To use this interactive functionality a free OU account is required. Sign in or register.
Interactive feature not available in single page view (see it in standard view).


To begin with, we need to work out how to measure the cost of using a computer to build and use AI technology such as GPT-3. A standard way of doing this is to calculate how much work a computer is doing for a particular task in terms of floating point operations per second (FLOPS) – computers use such operations when building or using AI technology like GPT-3 (‘floating point’ refers to how computers perform arithmetic with so-called real numbers that can represent continuous quantities).

Given the scale of GPT-3, we need to talk about terra-FLOPS (TFLOPS), where 1 terra-FLOP (TFLOP) is over a trillion FLOPS. It turns out that it took over several million TFLOPS to build the largest version of GPT-3 (Brown et al., 2020), and there have been estimates of the financial costs of this being in the many millions of U.S. Dollars (Wiggers, 2020).

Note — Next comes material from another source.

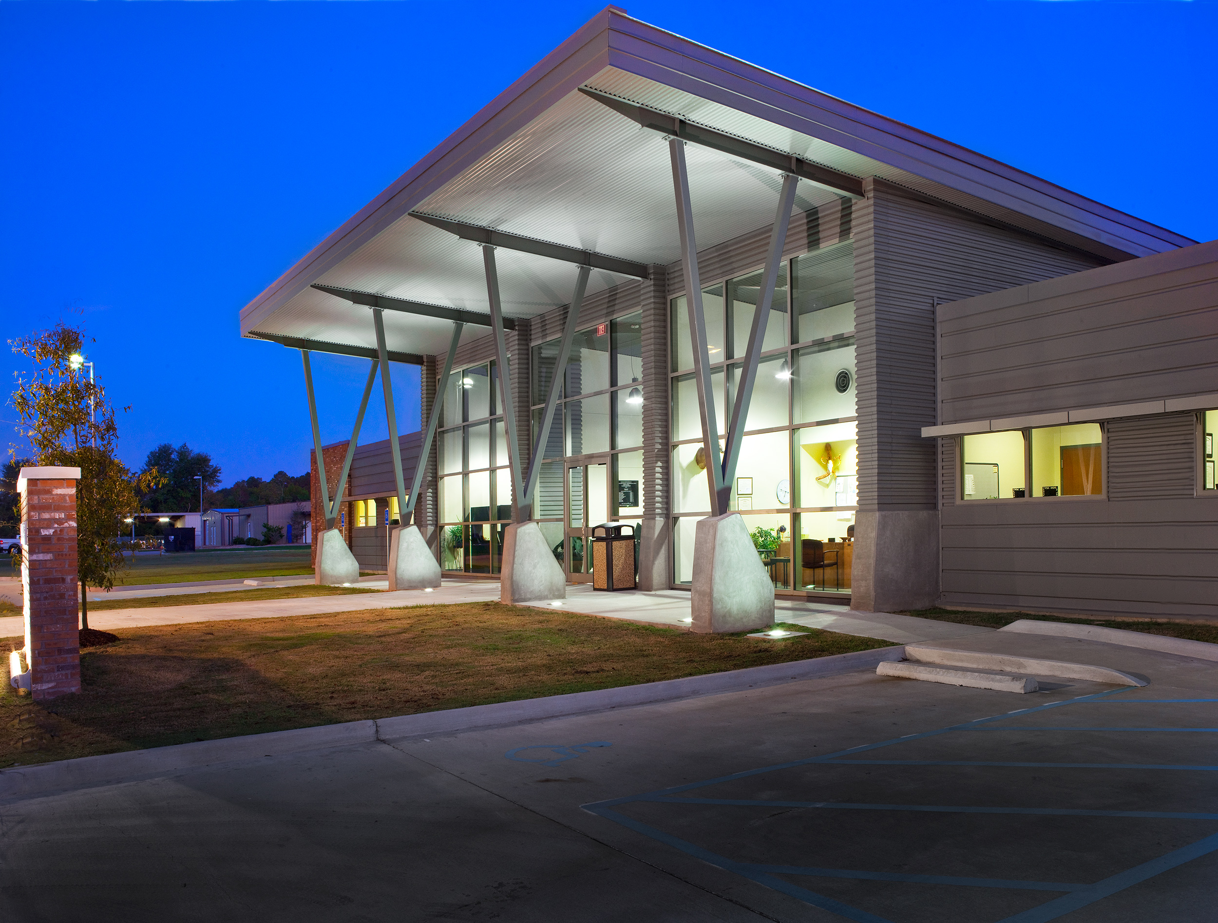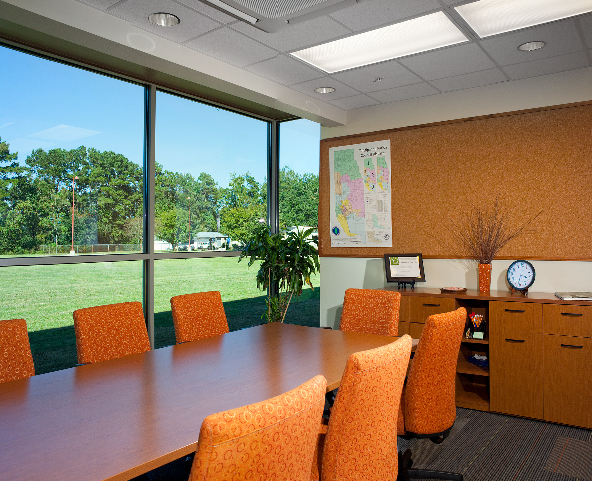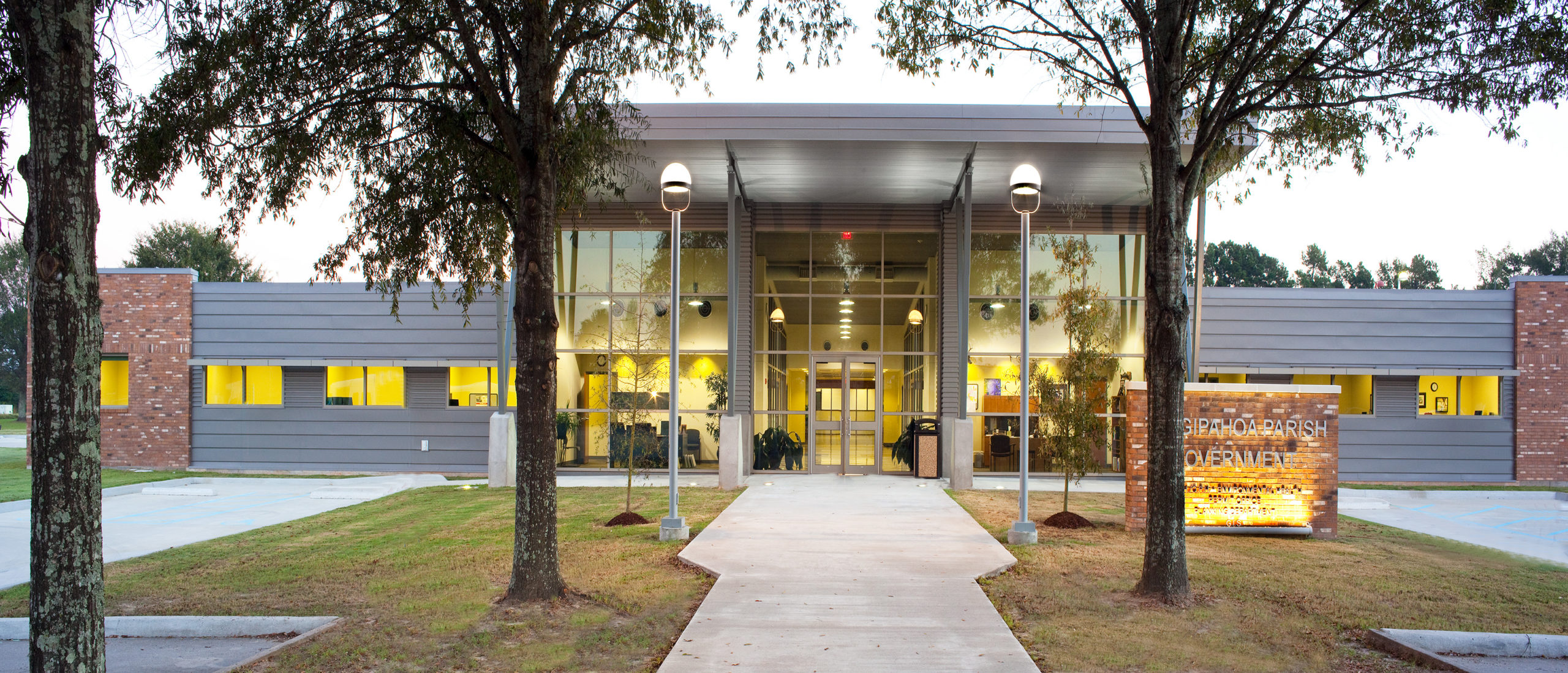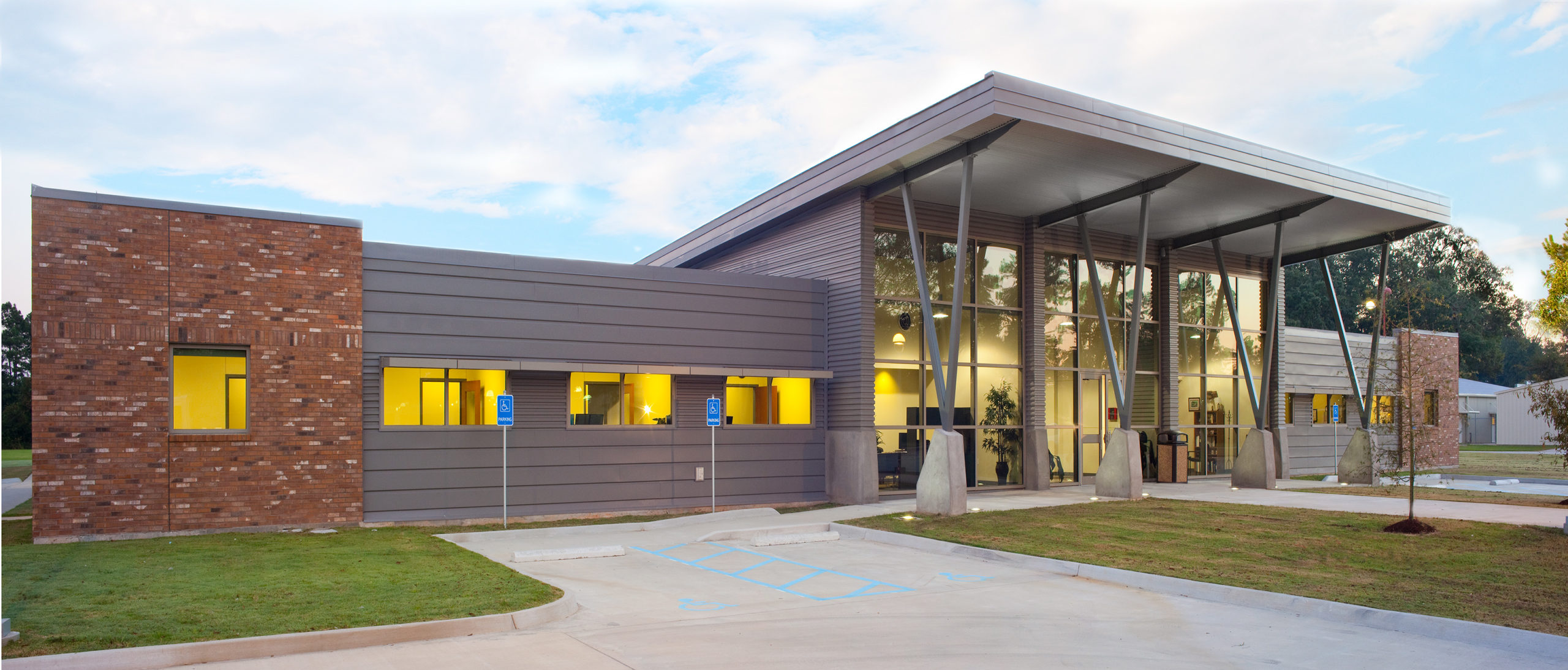 The 18,980 sq. ft. Environmental Services Building houses the Tangipahoa Parish Government’s headquarters for the departments of Building Permitting, Planning, and Environmental Health. The building is subdivided into three main areas which correspond to the three departments. The large volume entry space is flanked on two sides by Building Permitting and Environmental Health and leads visitors to the Planning Department and a large multi-purpose meeting space. The new building is on axis with the existing South Tangipahoa Parish Health Unit which was also designed by Holly and Smith Architects in 1997.

By way of balancing the discussion, Wiggers (2020) includes the following note about efforts at increasing efficiency by OpenAI (the company behind GPT-3):

There’s also evidence that efficiency improvements might offset the mounting compute requirements; OpenAI’s own surveys suggest that since 2012, the amount of compute needed to train an AI model to the same performance on classifying images in a popular benchmark (ImageNet) has been decreasing by a factor of two every 16 months.

So, while the environmental impact of recent AI technology is considerable (as noted by Wiggers, 2020), it is important to also note that companies are working on improving the efficiency of such technology (for some details about this, see e.g. Walleser, 2021).

Part 2

Consider the following claim: A bigger model automatically means a better model. Is the example of GPT-3, as presented in Wiggers’ article, evidence for or against this claim?

To use this interactive functionality a free OU account is required. Sign in or register.
Interactive feature not available in single page view (see it in standard view).


First, let’s clarify what we mean by ‘better’. On the one hand, a better model will perform better in that it is more accurate and reliable, on the other hand, a better model should also exhibit fewer biases (especially as this relates to important categories, such as gender and race). In Wiggers’ article (Wiggers, 2020) it is noted that there is a general problem with diminishing returns of performance for larger models. Further, the approach to building such models by throwing increasing volumes of data at ever larger models still does not address issues around bias in the data (which, as already noted, is largely web-based and retains the kinds of biases typically found on the internet).